#### STORED DATA:
━━━━━━━━━━

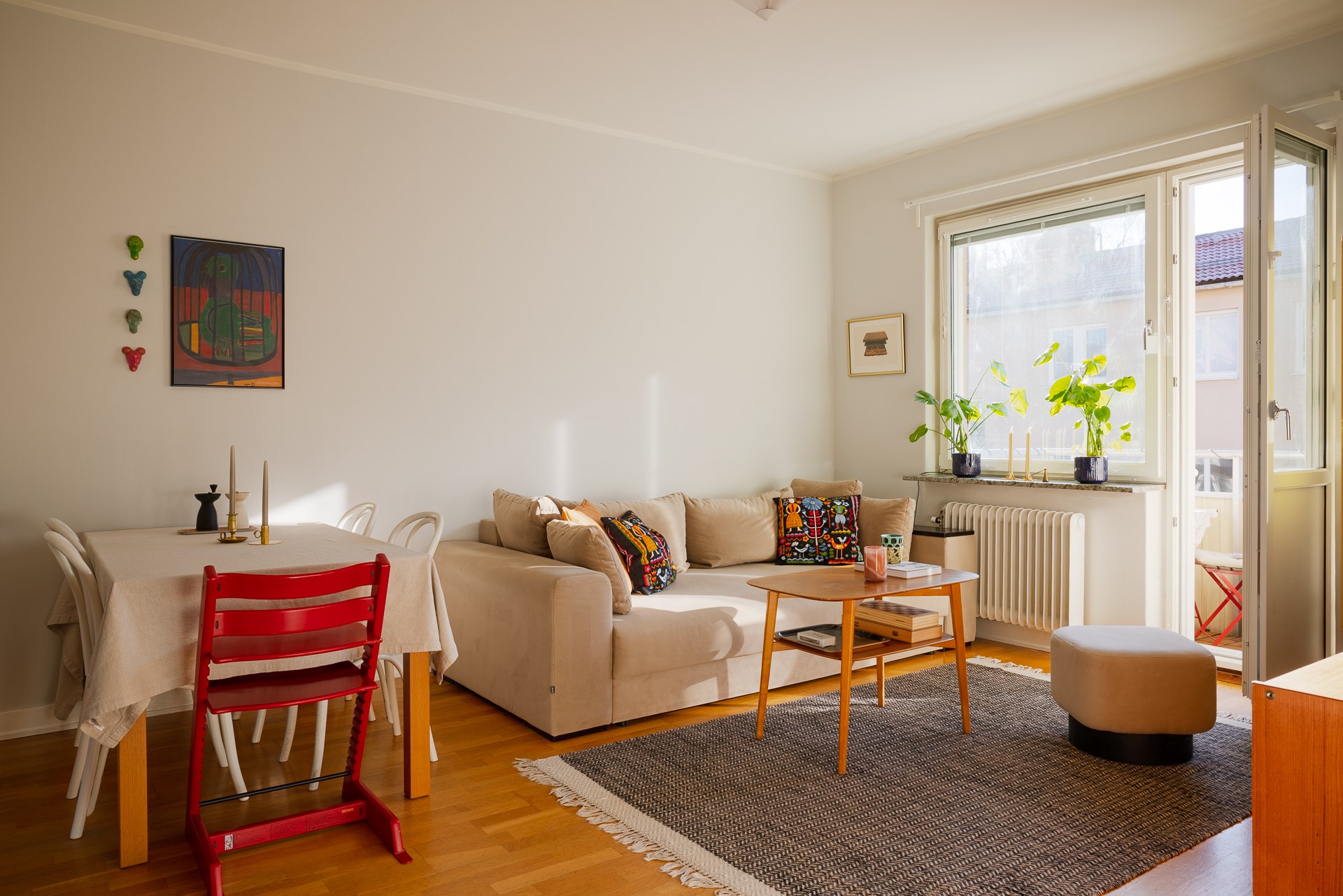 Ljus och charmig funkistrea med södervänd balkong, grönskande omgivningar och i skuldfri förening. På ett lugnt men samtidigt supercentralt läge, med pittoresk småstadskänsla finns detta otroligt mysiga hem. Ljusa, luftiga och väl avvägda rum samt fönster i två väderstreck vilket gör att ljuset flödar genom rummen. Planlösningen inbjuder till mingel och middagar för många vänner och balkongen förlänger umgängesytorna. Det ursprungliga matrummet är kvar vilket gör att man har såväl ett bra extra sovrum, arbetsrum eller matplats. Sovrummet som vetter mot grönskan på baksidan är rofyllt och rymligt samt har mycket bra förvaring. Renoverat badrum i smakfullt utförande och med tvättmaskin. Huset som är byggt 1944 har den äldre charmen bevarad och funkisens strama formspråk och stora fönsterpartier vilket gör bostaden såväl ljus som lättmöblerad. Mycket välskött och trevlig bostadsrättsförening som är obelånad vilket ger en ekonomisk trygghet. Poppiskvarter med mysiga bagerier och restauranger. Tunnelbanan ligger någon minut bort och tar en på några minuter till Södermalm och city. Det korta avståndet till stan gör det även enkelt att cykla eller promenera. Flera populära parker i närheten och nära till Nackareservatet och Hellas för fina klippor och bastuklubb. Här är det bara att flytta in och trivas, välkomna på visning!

━━━━━━━━━━

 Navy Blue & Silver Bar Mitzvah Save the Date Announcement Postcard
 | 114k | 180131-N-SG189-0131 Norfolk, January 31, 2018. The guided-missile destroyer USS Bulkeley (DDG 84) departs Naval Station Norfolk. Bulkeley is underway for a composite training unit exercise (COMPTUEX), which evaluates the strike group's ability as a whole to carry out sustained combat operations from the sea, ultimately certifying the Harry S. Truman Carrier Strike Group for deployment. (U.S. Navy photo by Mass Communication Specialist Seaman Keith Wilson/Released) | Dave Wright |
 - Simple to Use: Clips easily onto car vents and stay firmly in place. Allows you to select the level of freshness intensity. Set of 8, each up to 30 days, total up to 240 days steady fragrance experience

━━━━━━━━━━

#### PROBLEM TO SOLVE:
Whenever the string "Navy" shows up in a line of the records, copy that line.

#### RESULT FOR THIS EXERCISE:
 Navy Blue & Silver Bar Mitzvah Save the Date Announcement Postcard
 | 114k | 180131-N-SG189-0131 Norfolk, January 31, 2018. The guided-missile destroyer USS Bulkeley (DDG 84) departs Naval Station Norfolk. Bulkeley is underway for a composite training unit exercise (COMPTUEX), which evaluates the strike group's ability as a whole to carry out sustained combat operations from the sea, ultimately certifying the Harry S. Truman Carrier Strike Group for deployment. (U.S. Navy photo by Mass Communication Specialist Seaman Keith Wilson/Released) | Dave Wright |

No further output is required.